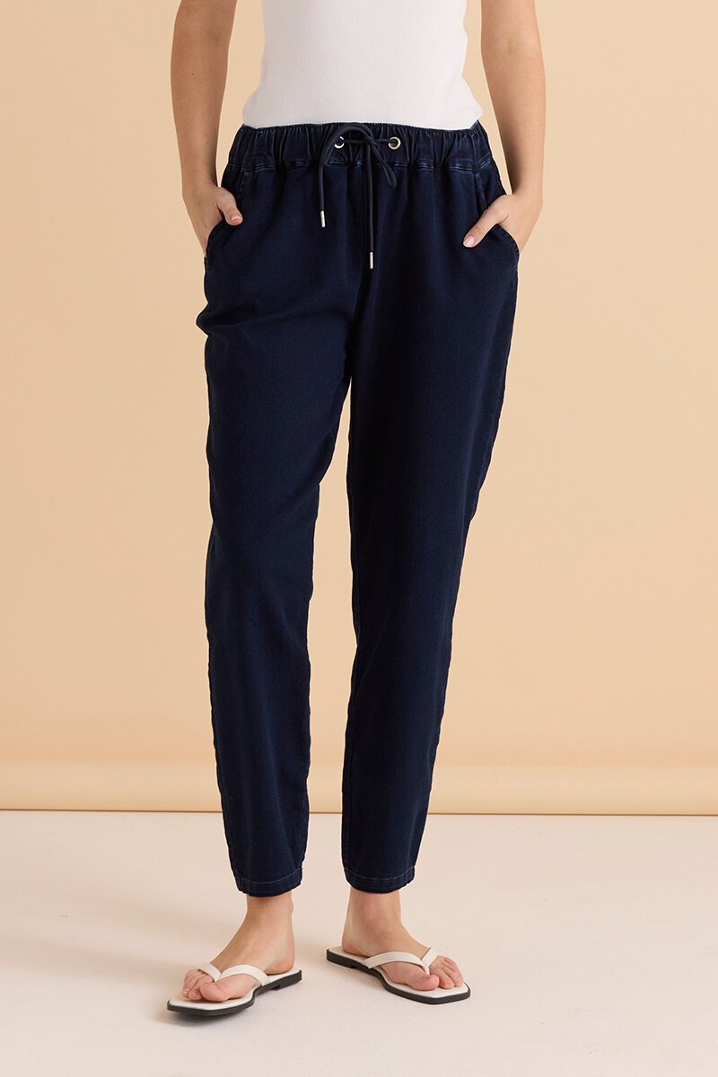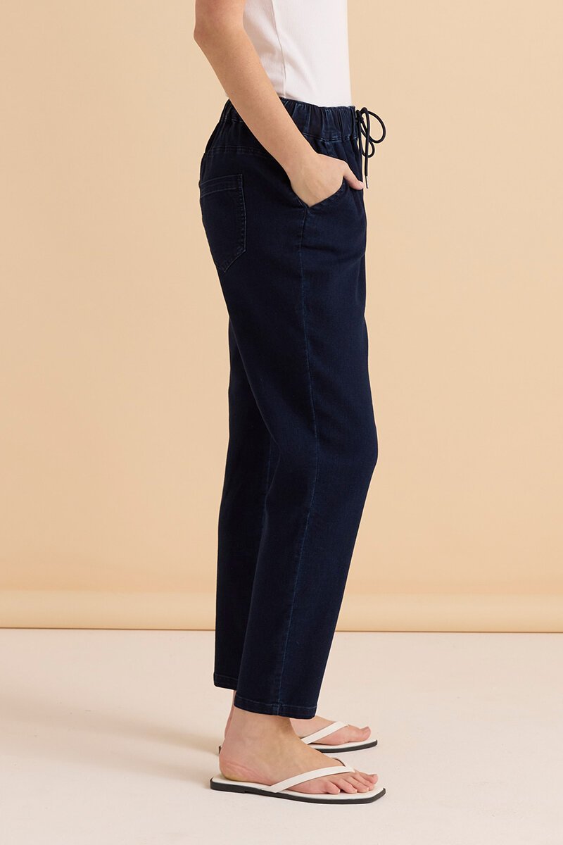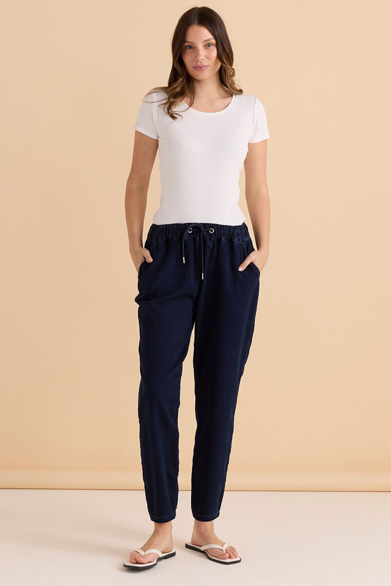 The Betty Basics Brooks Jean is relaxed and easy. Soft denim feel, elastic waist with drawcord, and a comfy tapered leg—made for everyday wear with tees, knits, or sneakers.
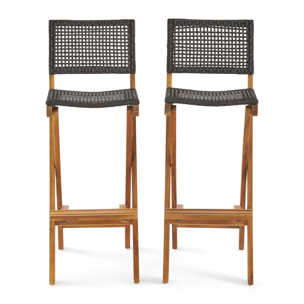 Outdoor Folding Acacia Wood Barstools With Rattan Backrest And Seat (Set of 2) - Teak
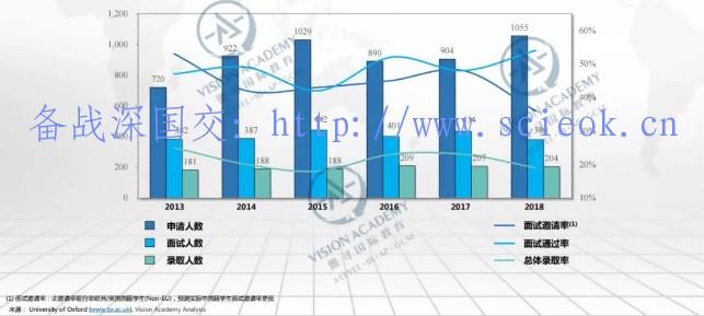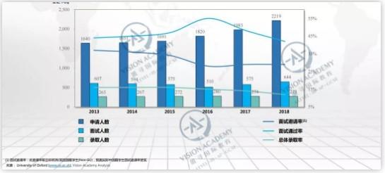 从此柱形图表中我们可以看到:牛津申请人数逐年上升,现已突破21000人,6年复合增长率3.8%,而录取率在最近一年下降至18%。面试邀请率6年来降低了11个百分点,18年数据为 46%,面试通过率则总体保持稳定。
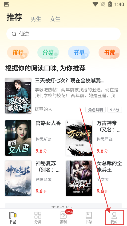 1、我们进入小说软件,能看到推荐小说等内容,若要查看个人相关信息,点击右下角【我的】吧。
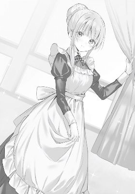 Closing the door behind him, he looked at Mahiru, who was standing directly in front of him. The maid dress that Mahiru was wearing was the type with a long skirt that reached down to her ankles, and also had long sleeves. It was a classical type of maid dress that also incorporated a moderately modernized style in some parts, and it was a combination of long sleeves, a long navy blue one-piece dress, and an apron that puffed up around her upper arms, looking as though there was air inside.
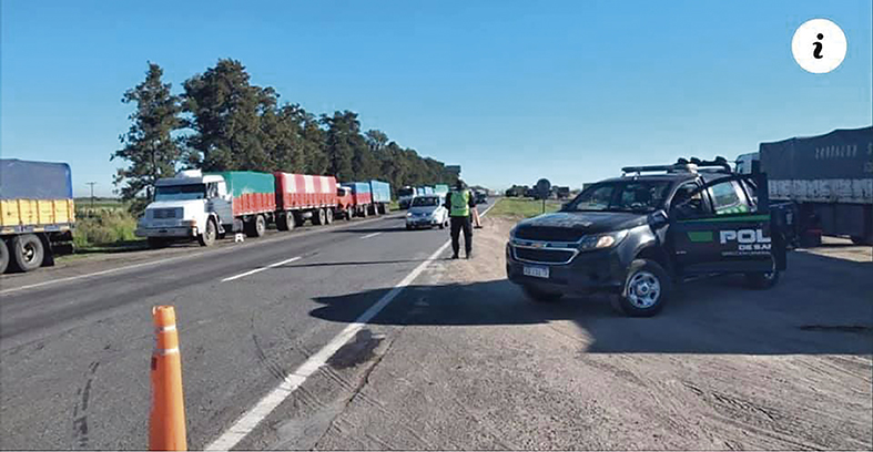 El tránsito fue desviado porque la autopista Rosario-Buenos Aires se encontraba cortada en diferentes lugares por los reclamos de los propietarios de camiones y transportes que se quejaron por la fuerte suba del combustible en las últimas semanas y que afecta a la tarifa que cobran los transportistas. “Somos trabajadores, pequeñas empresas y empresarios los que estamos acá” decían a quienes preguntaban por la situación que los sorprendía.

-=-=-

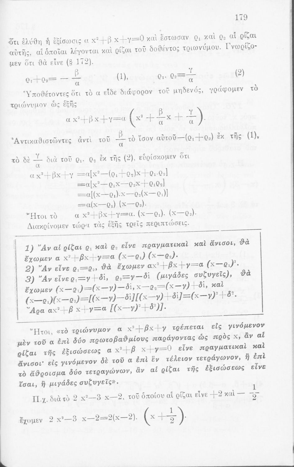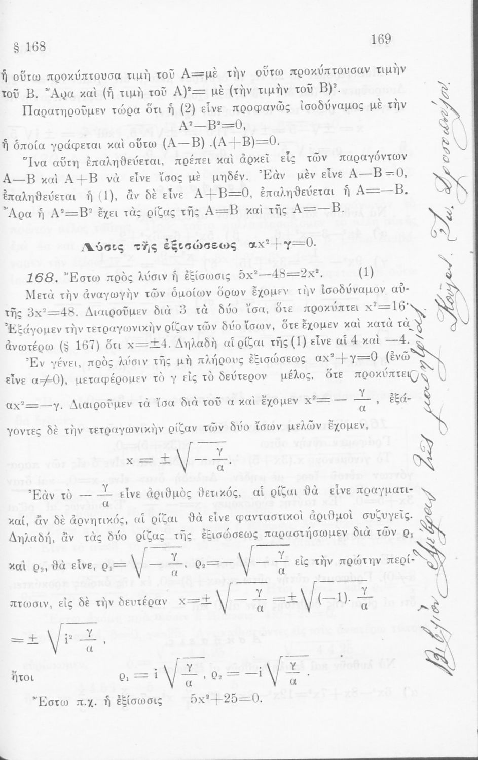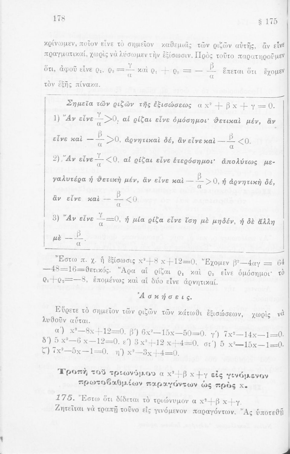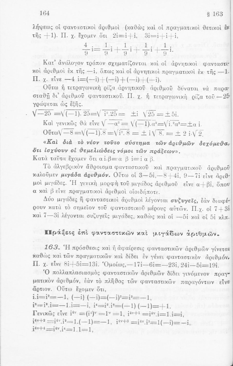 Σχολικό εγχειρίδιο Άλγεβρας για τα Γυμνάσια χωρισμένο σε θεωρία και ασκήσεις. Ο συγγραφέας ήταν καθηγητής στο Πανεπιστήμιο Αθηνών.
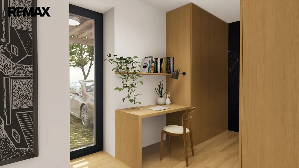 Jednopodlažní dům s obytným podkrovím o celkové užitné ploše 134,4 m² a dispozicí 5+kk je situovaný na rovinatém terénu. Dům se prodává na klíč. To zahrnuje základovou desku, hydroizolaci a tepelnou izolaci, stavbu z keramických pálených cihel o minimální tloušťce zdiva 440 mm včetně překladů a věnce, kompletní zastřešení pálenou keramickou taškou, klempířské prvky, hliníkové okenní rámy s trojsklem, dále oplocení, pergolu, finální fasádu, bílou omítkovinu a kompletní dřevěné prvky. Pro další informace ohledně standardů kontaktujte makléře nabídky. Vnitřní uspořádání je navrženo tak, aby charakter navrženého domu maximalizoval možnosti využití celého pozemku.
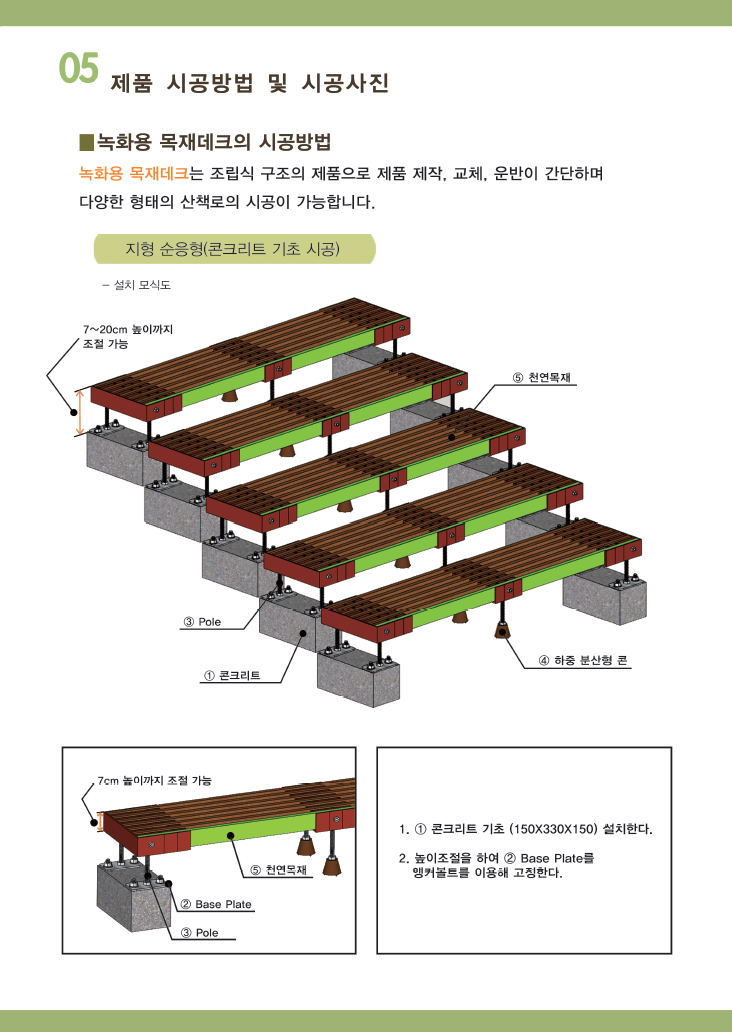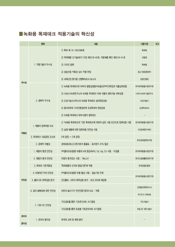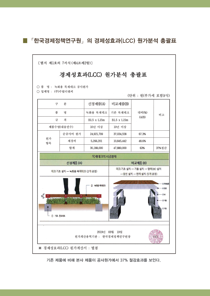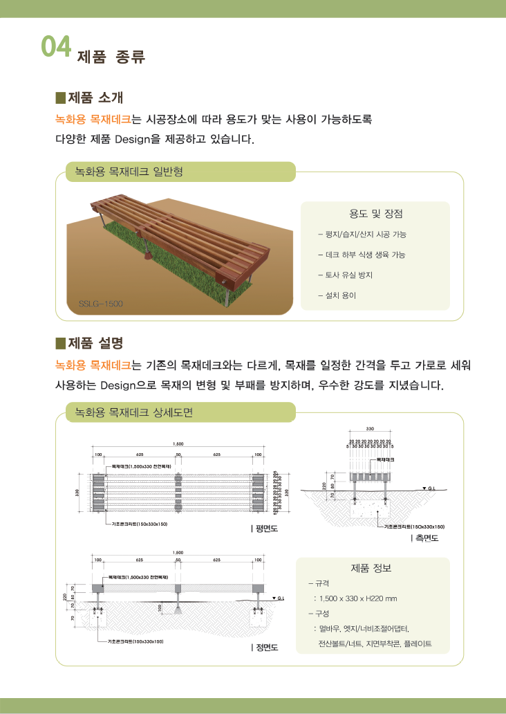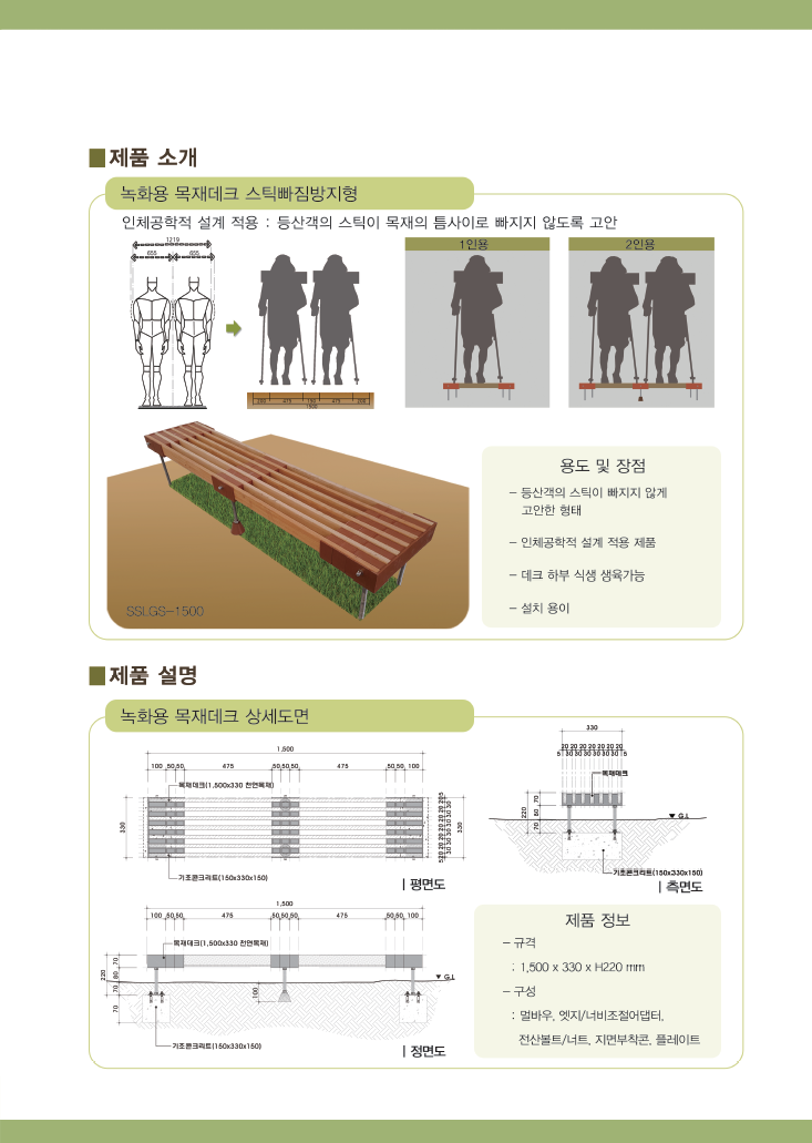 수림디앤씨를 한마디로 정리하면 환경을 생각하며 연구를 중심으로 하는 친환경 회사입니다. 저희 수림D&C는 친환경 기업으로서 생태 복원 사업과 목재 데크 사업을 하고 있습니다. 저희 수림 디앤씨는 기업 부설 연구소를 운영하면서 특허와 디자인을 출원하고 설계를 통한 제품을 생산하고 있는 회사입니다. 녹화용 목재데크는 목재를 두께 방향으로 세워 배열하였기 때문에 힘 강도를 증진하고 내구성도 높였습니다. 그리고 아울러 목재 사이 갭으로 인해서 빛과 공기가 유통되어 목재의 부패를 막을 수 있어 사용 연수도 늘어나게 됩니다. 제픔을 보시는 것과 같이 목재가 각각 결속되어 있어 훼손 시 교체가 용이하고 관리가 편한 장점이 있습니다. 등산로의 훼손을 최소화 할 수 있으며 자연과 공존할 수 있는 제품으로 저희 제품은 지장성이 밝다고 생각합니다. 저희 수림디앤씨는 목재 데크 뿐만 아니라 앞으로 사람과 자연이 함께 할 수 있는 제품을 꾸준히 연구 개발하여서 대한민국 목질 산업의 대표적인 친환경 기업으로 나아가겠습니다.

-=-=-

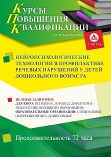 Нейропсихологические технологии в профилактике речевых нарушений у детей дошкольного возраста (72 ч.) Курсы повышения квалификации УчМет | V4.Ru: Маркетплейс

-=-=-

#### Exercise requirements:
Would you output only the span of the records above that opens with the line containing "The Betty Basics" and closes with the line containing "从此柱形图表中我们可以看到:牛津申请人数", ends included and pictures dropped?

#### Finished task:
 The Betty Basics Brooks Jean is relaxed and easy. Soft denim feel, elastic waist with drawcord, and a comfy tapered leg—made for everyday wear with tees, knits, or sneakers.
 Outdoor Folding Acacia Wood Barstools With Rattan Backrest And Seat (Set of 2) - Teak
 从此柱形图表中我们可以看到:牛津申请人数逐年上升,现已突破21000人,6年复合增长率3.8%,而录取率在最近一年下降至18%。面试邀请率6年来降低了11个百分点,18年数据为 46%,面试通过率则总体保持稳定。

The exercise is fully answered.